When should I measure FTP?

Since FTP is used to help you set up the best possible training zones, FTP should be measured whenever you believe you have had a significant or significant change in your fitness.

This means FTP testing is especially important after a long off-season or for a new rider who has just learned their abilities. A beginner cyclist should also test more frequently, as they are likely to experience faster gains.

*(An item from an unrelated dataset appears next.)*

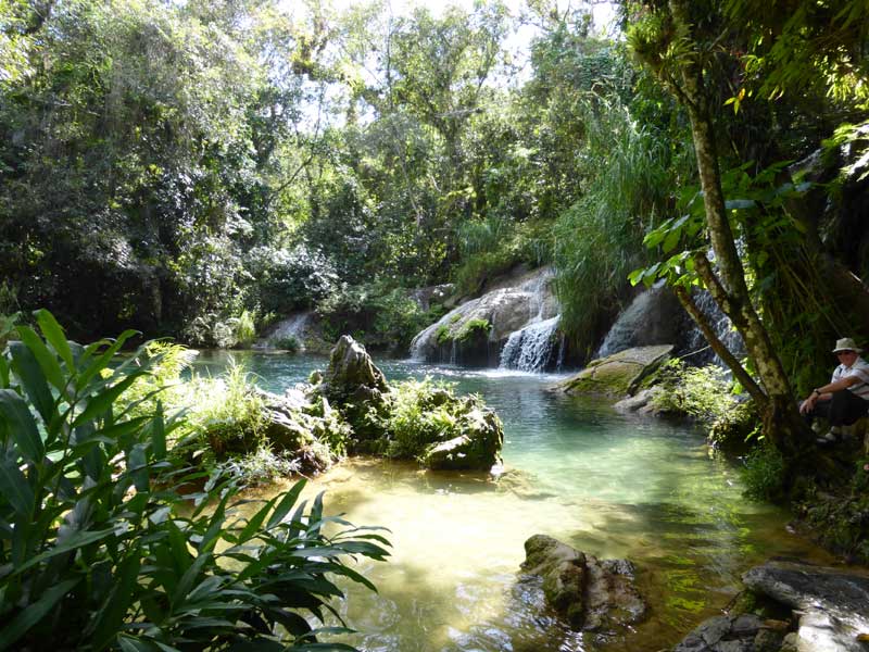 Nach einem guten Frühstücksbuffet in La Union startete der Bus in Richtung Trinidad, wo wir zwei Nächte übernachten würden. Da es nur 35 km entfernt war, stand Mittags eine Wanderung im Park "El Nicho" auf dem Tagesprogramm. Wir machten vor der Abfahrt noch einen schnellen Bummel durch den Park, um ihn bei Tageslicht zu sehen und danach begann die Busreise.

A beginner cyclist should test every 4-8 weeks to chart progress.

If you don’t test and continue to use the old training zones, you may not be challenging yourself enough. Similarly, if you detrain and use old training zones, you may be pushing yourself too hard.

A seasoned rider may not need to test as much as a beginner because big gains may be more difficult to achieve. This is a circumstance in which a very observant coach or computer can help measure and detect small gains.

Just a snapshot

It should be mentioned that FTP is only a snapshot of your fitness.

While a high FTP can make a lot of things easier in cycling, it also doesn’t paint the full picture of strengths and weaknesses. In the same way, an FTP test is your capacity in a single effort over a single day and cannot sum up all your improvements or abilities.

An athlete may be fatigued from one workout to the next and struggle to hit the numbers their FTP indicates are possible. This single snapshot is no reason to modify the FTP, re-test or panic. It is simply a data point. The best thing we can do as students of the sport is to follow the data points, notice the patterns, and rejoice in the improvement.